■ **Collected material**
■ ■ ■ ■ ■ ■ ■
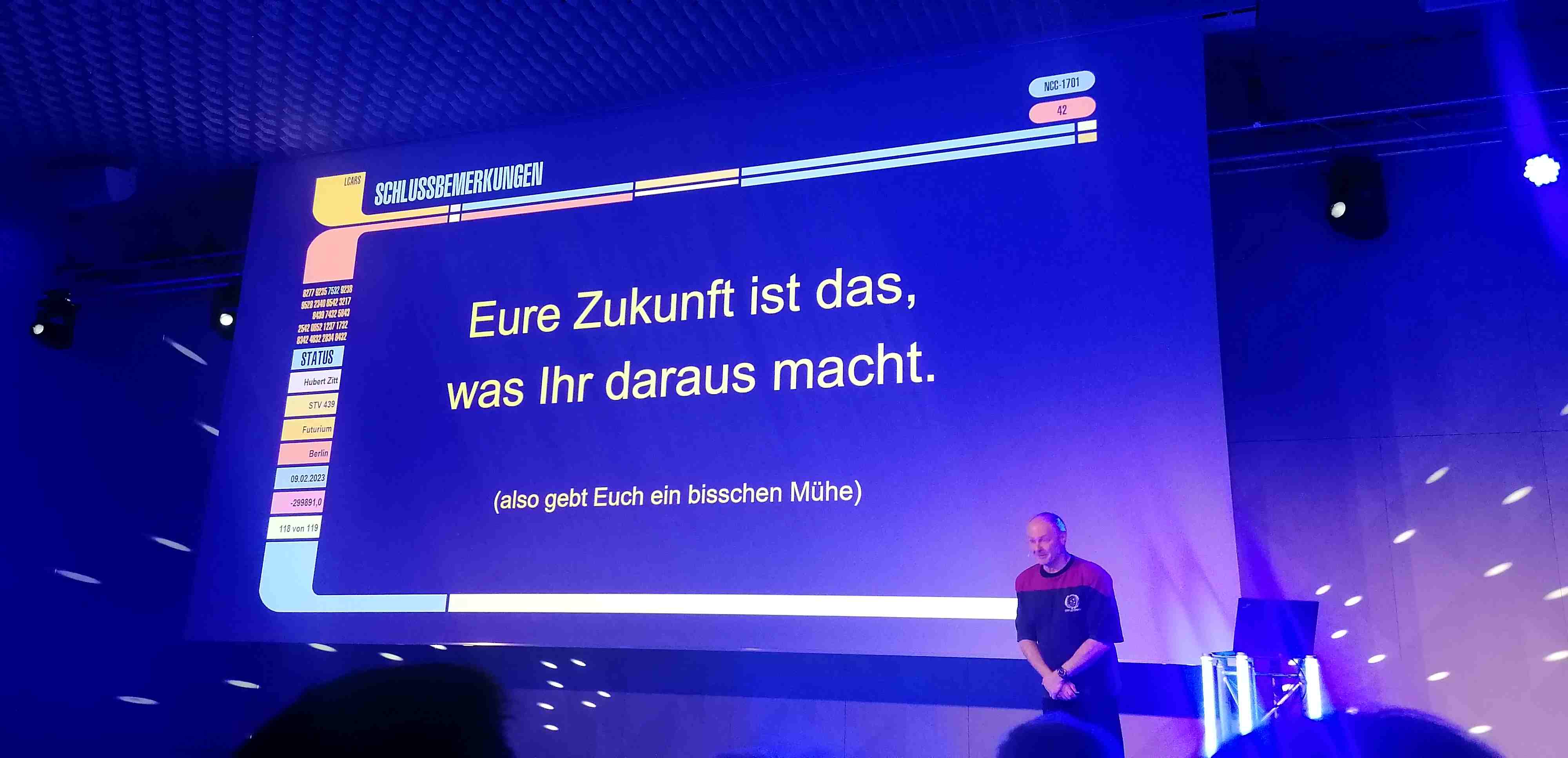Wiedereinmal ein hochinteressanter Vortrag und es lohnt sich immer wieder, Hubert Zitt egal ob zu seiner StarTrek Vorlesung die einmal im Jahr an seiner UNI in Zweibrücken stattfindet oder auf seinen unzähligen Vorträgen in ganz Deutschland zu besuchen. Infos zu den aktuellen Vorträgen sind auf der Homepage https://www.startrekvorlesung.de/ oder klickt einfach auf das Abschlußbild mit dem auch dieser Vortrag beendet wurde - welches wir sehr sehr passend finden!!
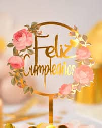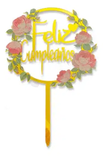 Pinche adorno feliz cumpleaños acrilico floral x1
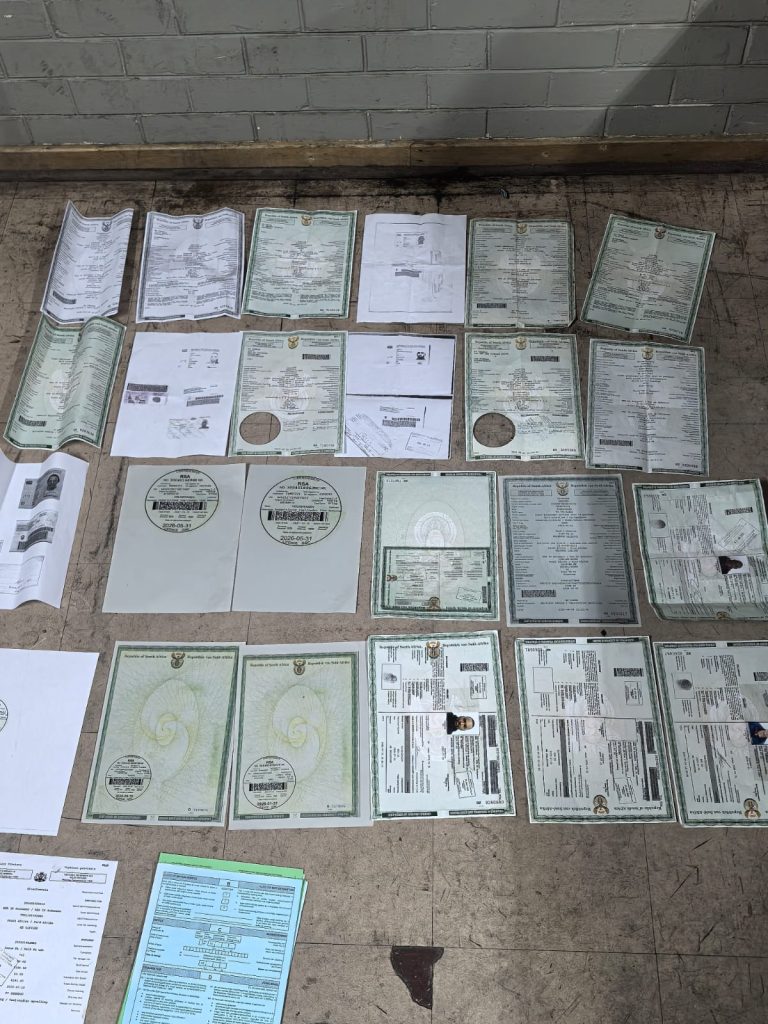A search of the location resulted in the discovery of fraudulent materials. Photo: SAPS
■ ■ ■ ■ ■ ■ ■
■ **Exercise description**
Retype everything in the material word for word, minus pictures.

■ **Exercise solution**
Wiedereinmal ein hochinteressanter Vortrag und es lohnt sich immer wieder, Hubert Zitt egal ob zu seiner StarTrek Vorlesung die einmal im Jahr an seiner UNI in Zweibrücken stattfindet oder auf seinen unzähligen Vorträgen in ganz Deutschland zu besuchen. Infos zu den aktuellen Vorträgen sind auf der Homepage https://www.startrekvorlesung.de/ oder klickt einfach auf das Abschlußbild mit dem auch dieser Vortrag beendet wurde - welches wir sehr sehr passend finden!!
 Pinche adorno feliz cumpleaños acrilico floral x1
A search of the location resulted in the discovery of fraudulent materials. Photo: SAPS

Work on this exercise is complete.